I have managed to show that $x$ must be a multiple of $3$ and $y$ must be even, which produces the equation $$3^{10}s^{11}+2^{10}t^{11}=z^{11},$$ with $s=x/3$ and $t=y/2$. I have tried to approach this by applying Fermat's Little Theorem mod $11$ setting the tenth powers to $1$ but I've not managed to get any further.

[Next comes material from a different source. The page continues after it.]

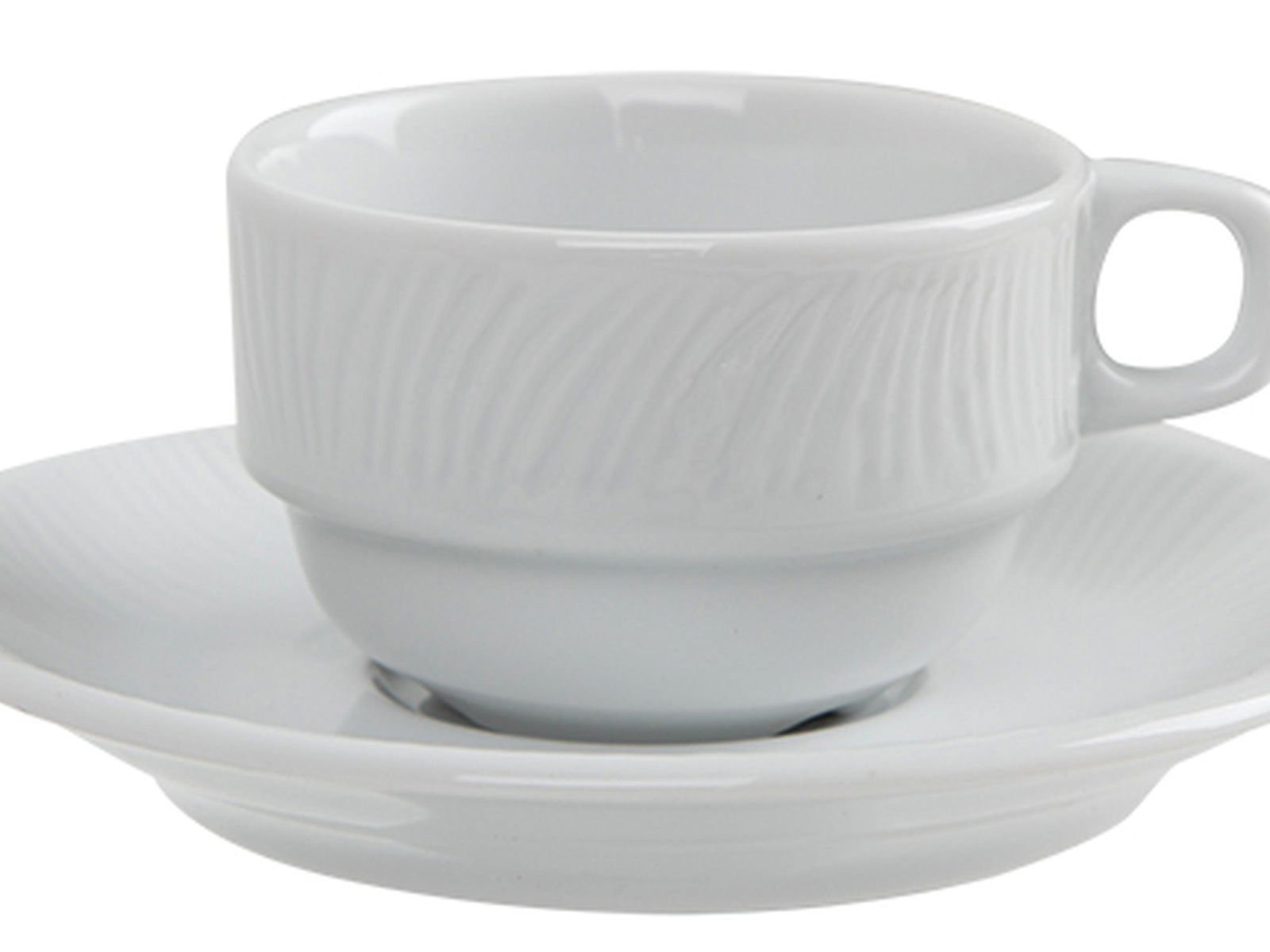 The Porland Lara White Plate Coffee Cup is a stunning addition to any table setting, featuring elegant reliefs that enhance its visual appeal. Crafted from high-quality porcelain, this coffee cup is designed to create an extraordinary effect, making it perfect for enchanting presentations. Each set includes 12 pieces, ideal for both commercial and personal use.

Any help is really appreciated, thanks!
Simply take modulo $23$. If $23 \nmid n$, then: $$n^{22} \equiv 1 \pmod{23} \implies n^{11} \equiv \pm 1 \pmod{23}$$ Thus, for all $n \in \mathbb{N}$, we have $n^{11} \equiv -1,0,1 \pmod{23}$. Try substituting these values in your equation. You would see that the only possibility is $x^{11} \equiv y^{11} \equiv z^{11} \equiv 0\pmod{23}$. Substituting $x=23x_1$, $y=23y_1$ and $z=23z_1$, we get: $$2(x_1)^{11}+3(y_1)^{11} = 6(z_1)^{11}$$ Now, you will get $23$ divides $x_1,y_1,z_1$, which will give a process of infinite descent. This is clearly a contradiction. Thus, your equation does not have solutions in positive integers.